Subject matter-wise, “Pretty Girls” is the heaviest song on this album. Simply put, it’s about girls at an abortion clinic. But like “Deep Red Bells” it’s incredibly sympathetic – so it goes without saying that it’s also pro-choice. My favorite lines, maybe because they ring so true, are “Wind your flimsy blue gowns tight around you/Around curves so comely and sinister/They blame it on you, pretty girls.”
“I Missed the Point” doesn’t impress me much. Neko’s voice sounds great at least. I much prefer the track that follows. That would be the title track “Blacklisted”! It’s some more of that country-noir. It makes me think of a ghost train in the middle of the night. Neko’s voice is so powerful here as she considers it.
And then we have “I Wish I Was the Moon.” Ohhh, my heart. I think I mentioned before that I never really cared for this song until I heard it in concert. I don’t know how or why that changed things, but now it’s one of my favorites. I love how quiet it starts and how it flares up slowly and then drops out again suddenly so that we can appreciate the last few notes of the song. It’s so emotionally heavy, I can’t help but feel my heart sink.
Next up we have another cover, “Runnin’ Out of Fools” as previously sung by Aretha Franklin, though I don’t remember hearing my parents play this one growing up. Anyway, Neko sings it great! She really knows how to belt out a note without having it overwhelm the song.
“Ghost Writing” – more country noir! You know, this one reminds me a lot of Sheryl Crow’s “The Book,” a seriously underrated song off her album of the same name. It’s not just the writing themes in the songs’ titles. They’re both very dark and spooky and bitter-sounding tracks. And just overall they sound very similar. Anyway, it’s a fantastic track and it stays with you after it ends. (Well, both of them do!)
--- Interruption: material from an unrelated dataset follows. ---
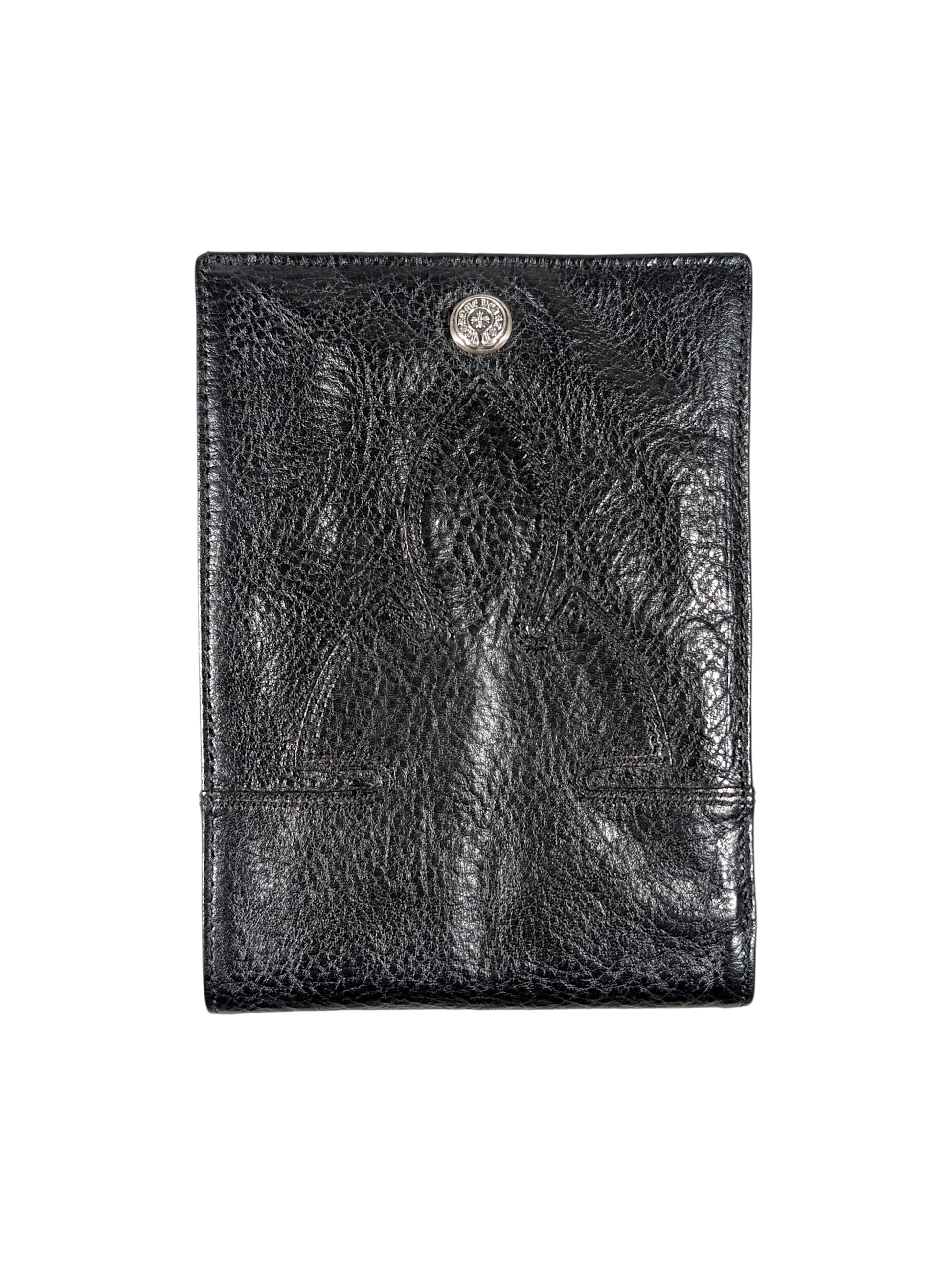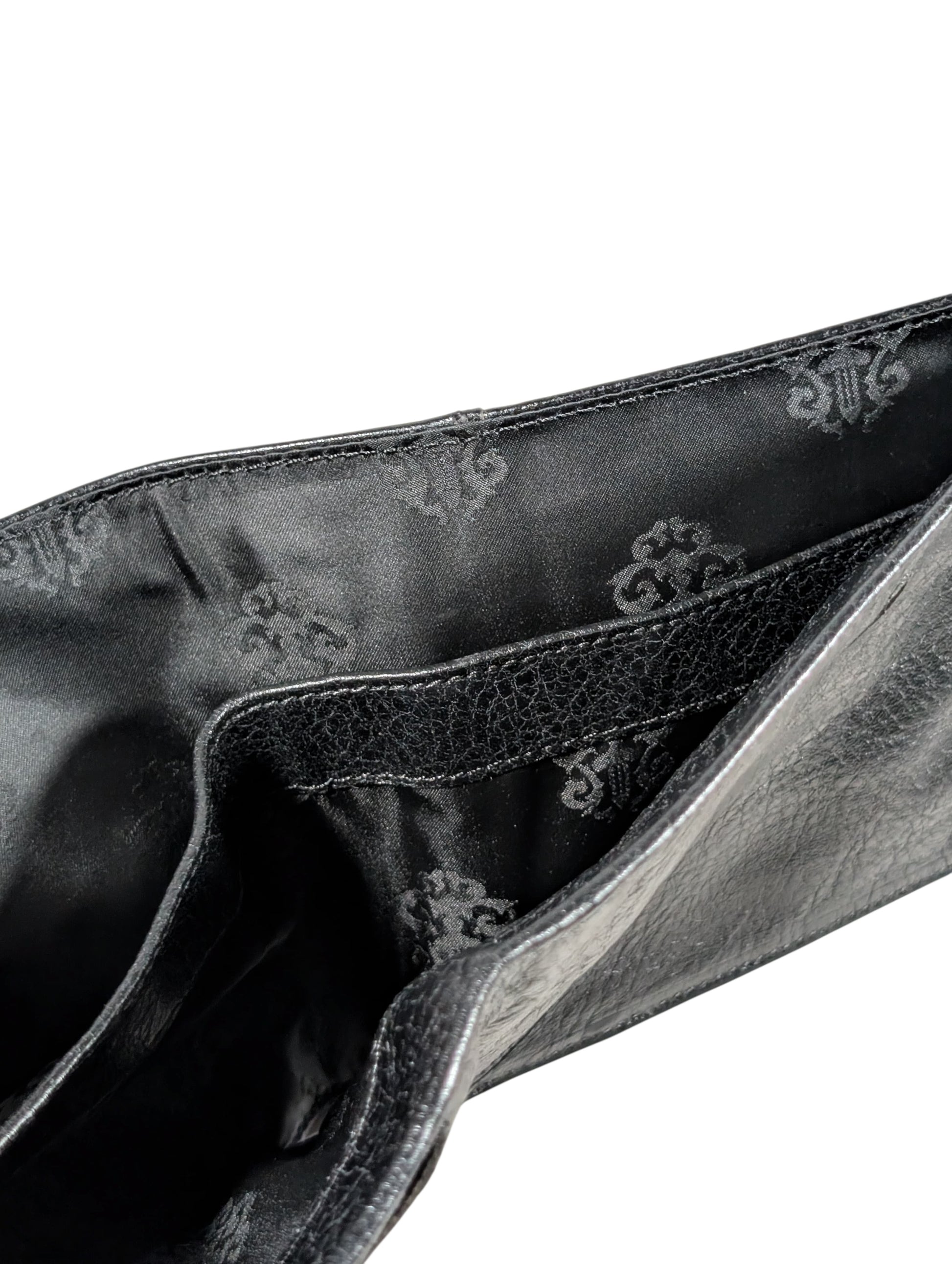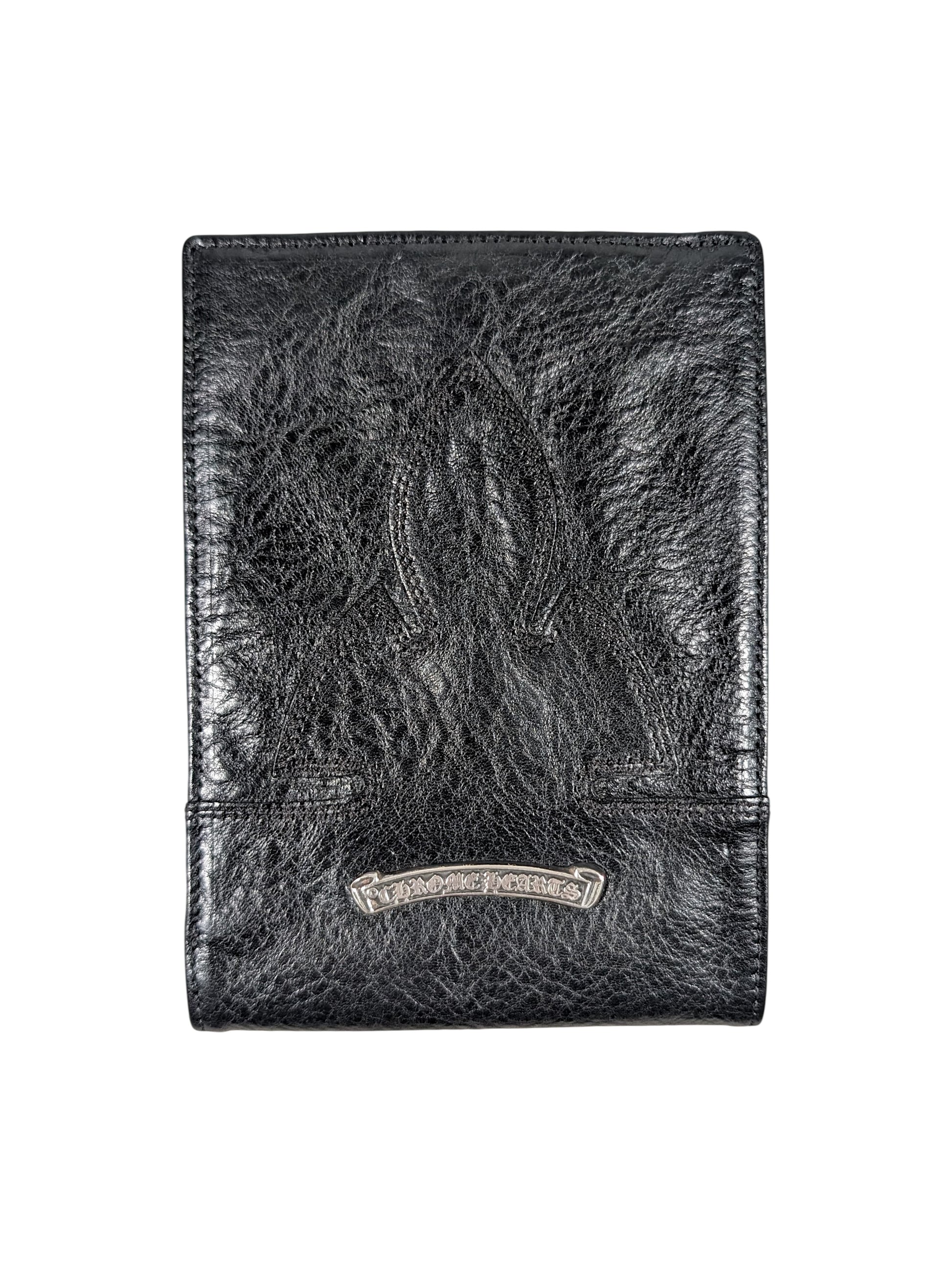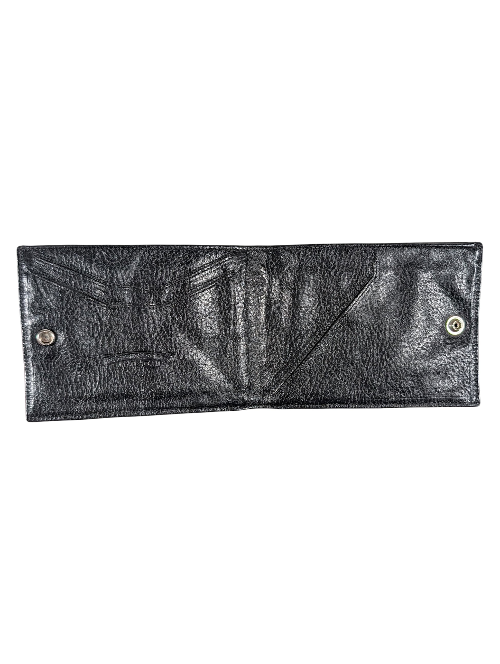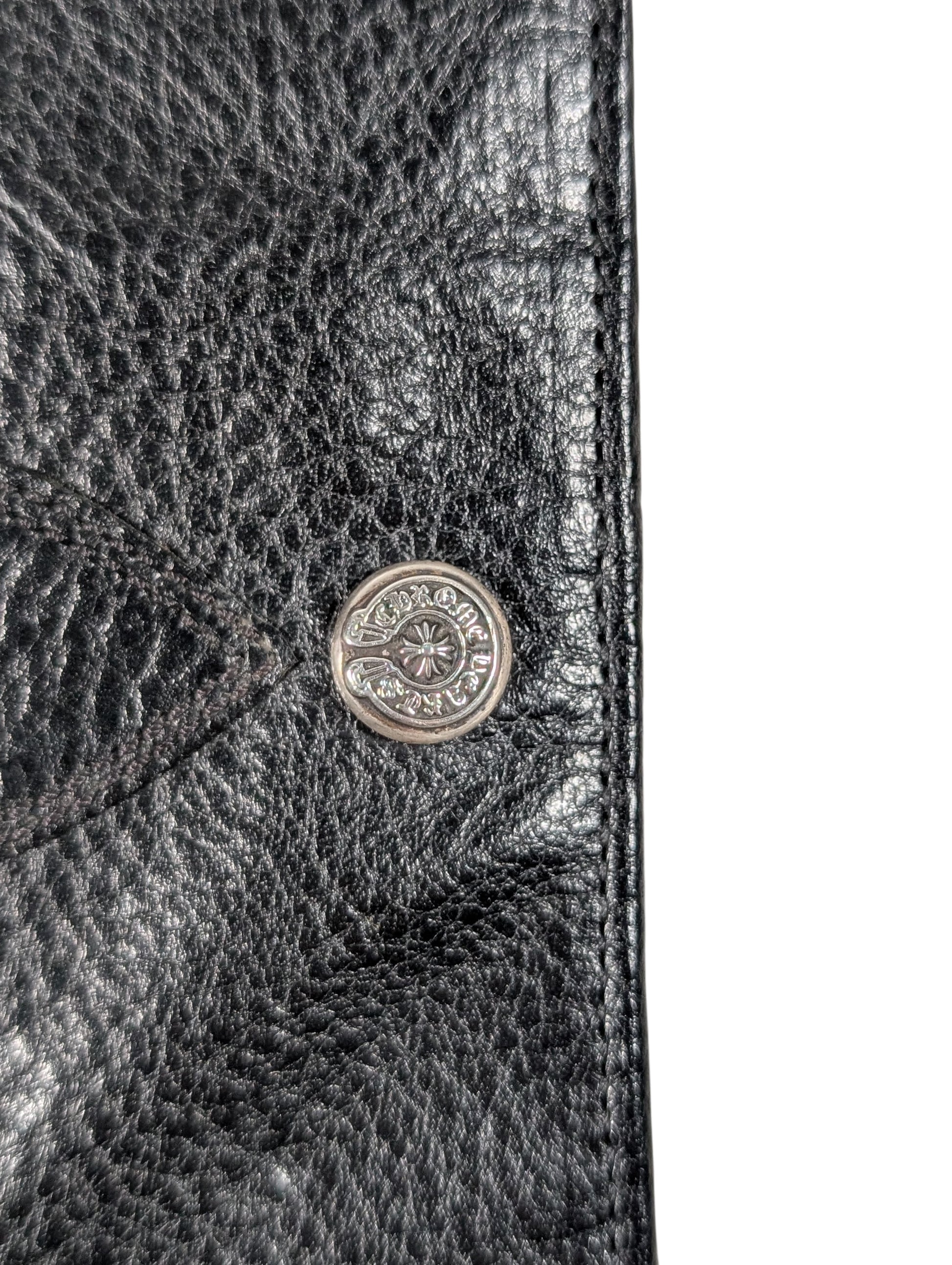 Chrome Hearts Fleur Bi-Fold Snap Wallet in heavy black leather with CH Fleur Motif . Features .925 sterling silver snap closure and sterling silver Chrome Hearts logo plaque. Rare variation of the “Ain’t Nothing 2 Do” wallet.

Finally, we end with “Outro With Bees (Reprise)” which is the perfect track to come after “Ghost Writing” since it starts out with some unnerving radio static going in and out with various bits of tense dialogue and music. This goes on for almost half a minute, and then we get the reprise of that sad little song before it fades back out into white radio noise and fragments of music and commercials. Great, great, great final track.
Of her solo albums, Blacklisted is the most country of them all. If you want to cut your teeth on this genre but you’re unsure (next to rap, country tends to be the genre most people say they don’t like), then ease into it with some Neko Case and Blacklisted! It goes down easy and is a real treat for the ears. And to bring it back to Sheryl Crow, if you enjoy her early music, then I’m positive you’ll like Neko Case. So give it a go!